День был ясный и зловещий. На поверхности озера ветер поднимал волны. По берегу шагала вереницей какая-то делегация из Азии. С вертикальной струи фонтана, словно с острия вил, свисали серебряные кольца. Фредерика назначила мне встречу в кафе. Я пришла раньше времени. Минуты ожидания тянутся долго. Я заказала стакан овомальтина. В голову не лезли никакие мысли. Стрелки часов застыли неподвижно. Зеленый с желтыми полосками листок и белая бабочка флиртовали друг с другом. Листок весело порхал, вспоминая былую удаль, а бабочка неотступно следовала за ним, как за тайным посланцем. В этом грациозном кружении присутствовали одновременно идиллия и упадок.
Я сижу за мраморным столиком. Заказываю еще стакан овомальтина. Надо найти какое-то развлечение, чтобы ждать было не так утомительно. Я вспомнила железнодорожные станции и вокзалы, в Тойфене, в Штаце, в Риги, в Венгене. Я училась плаванию в бассейне, а мой отец, одетый по-зимнему, прятался от солнца и сидел в тени. Летом над нами вставало странное, больное солнце, с трудом пробивавшееся сквозь сумерки, свет от него был как в лесной чаще или среди болот, словно не с неба, а от ядовитых грибов и ягод, от влажного перегноя. Мы ловили эти нерадостные лучи, стремились к ним, как в недоступный оазис покоя. Отец с дочерью прогуливались, держась за руки, точно пожилые супруги. Он называл мне горные вершины, указывая на них.
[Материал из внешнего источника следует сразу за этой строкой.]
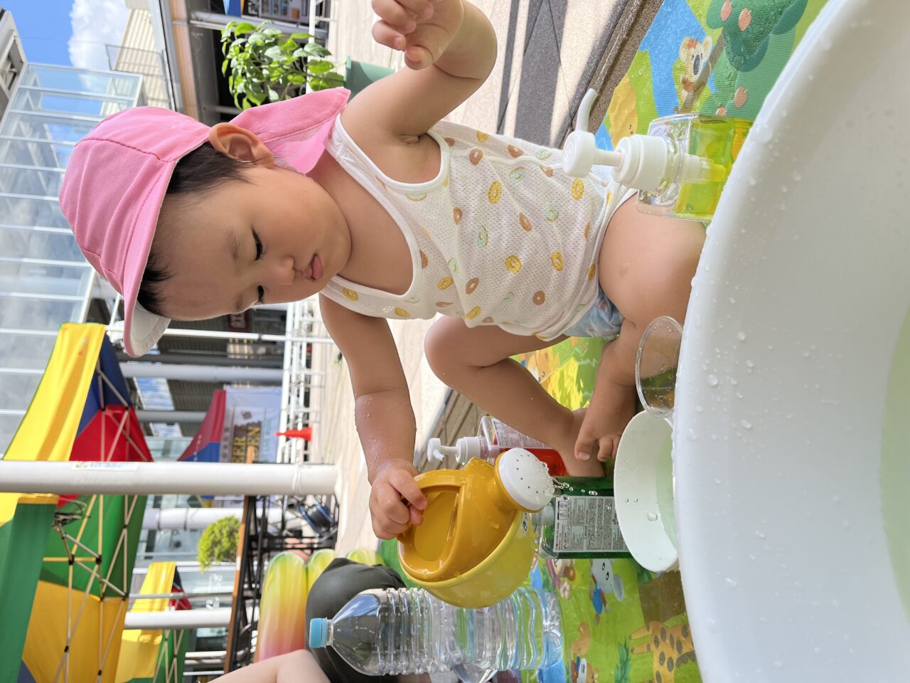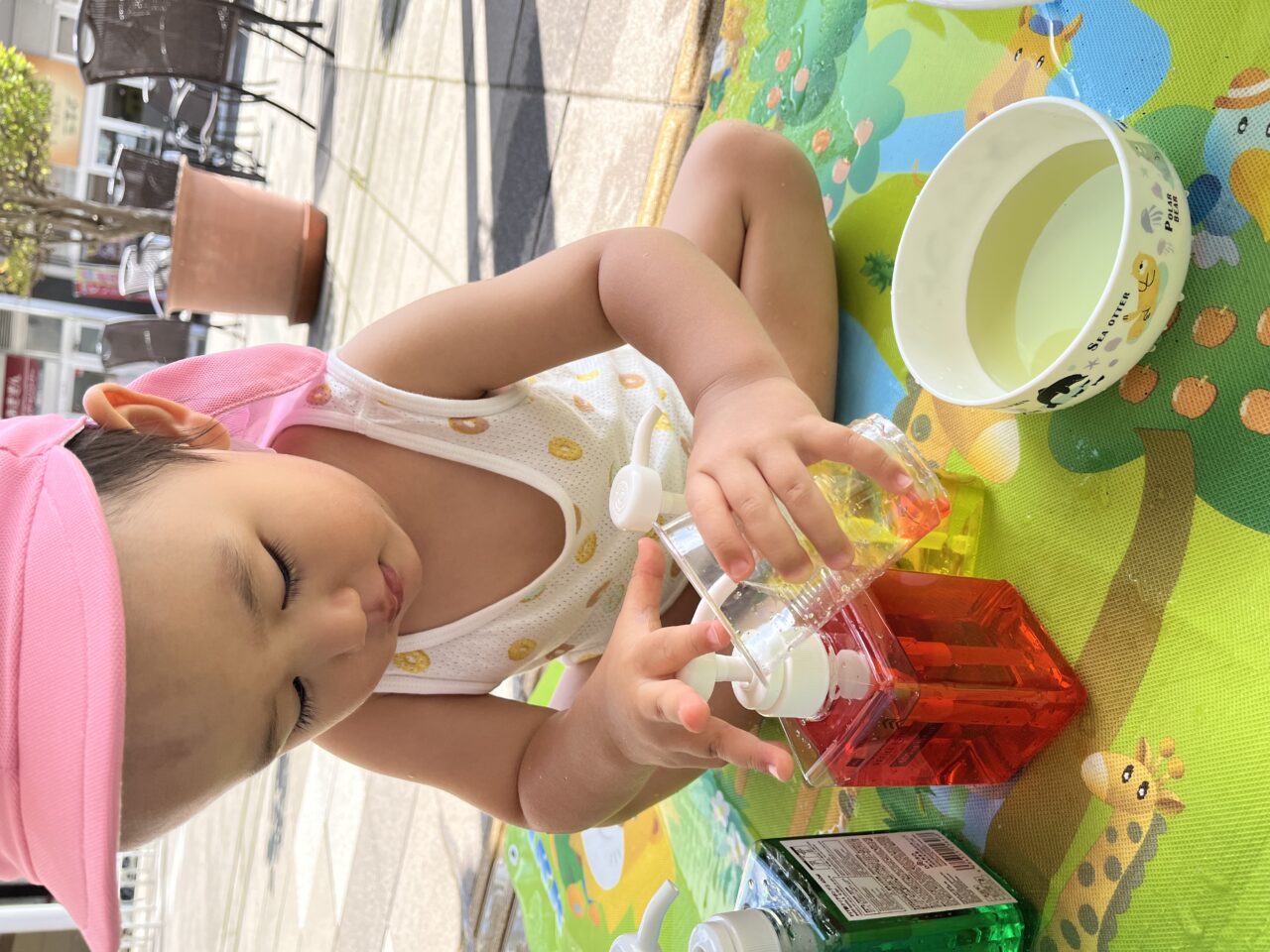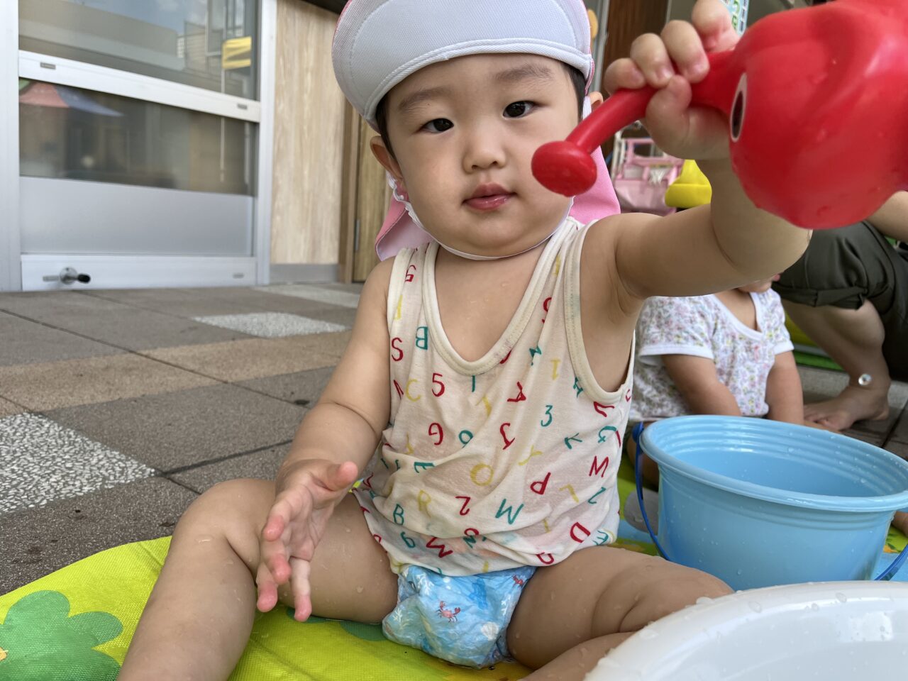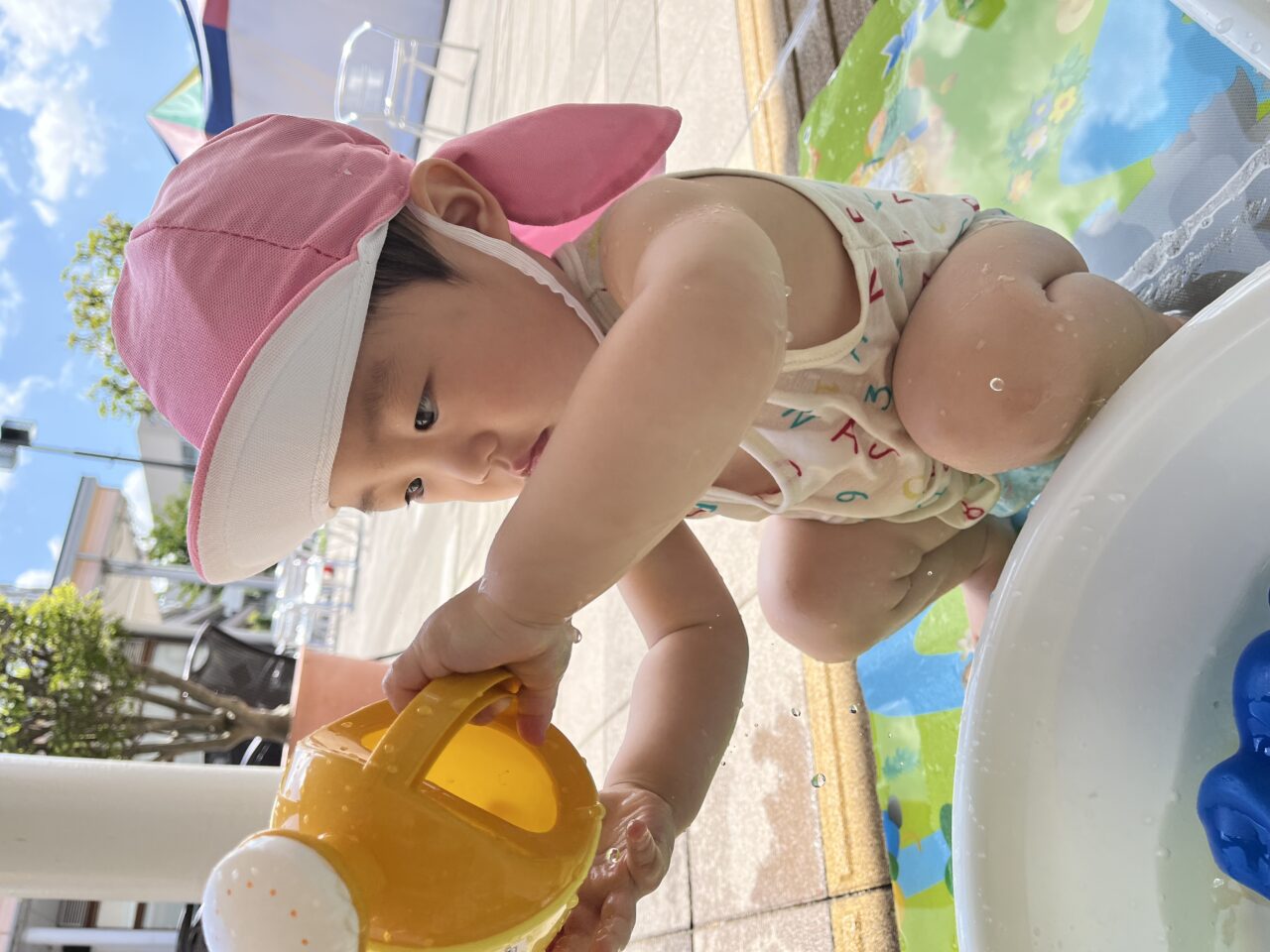 お水遊びは、大好きですねぇ♡プールは怖いけど、自分のペースで遊べる水遊びは大喜び!

В гостинице на столы, на круассаны, на ножи и вилки падал металлический свет. Мы завтракали. За стеклом веранды был Маттерхорн, яркое солнце, обновление жизни. Соседний стол занимала дама с тремя дочерьми. Их выпуклые лбы словно излучали счастье. Им повезло, думала я, они родились счастливыми. Дама и девицы демонстрировали какую-то неистребимую радость, прямо-таки дьявольскую безмятежность.
— Видишь, wie glücklich sie sind[39], — сказала я отцу. (Может быть, он понял так, что это я счастлива, — отец был очень рассеянный человек.)
Весь день эта сияющая от счастья троица стояла у меня перед глазами. Справа — младшая сестра, с самой маленькой головой, лобик поуже, глаза поменьше. Узкие ноздри. Прическа у нее была такая же, как у старшей сестры, и безжалостно прямой пробор при всей своей безжалостности казался игривым. На прогулке, когда мы встречались с этой семьей, счастье возносило их над нами на недосягаемую высоту: мы с отцом из года в год были все так же одиноки, даже нелюдимы, и, если, как это часто бывает в гостиницах, кто-то подсаживался к нашему столу, думая сделать нам приятное, мы пугались. Мы здоровались с соседями по столу, когда приходили завтракать. И прощались, когда вставали из-за стола: мы каждый раз управлялись с завтраком раньше остальных.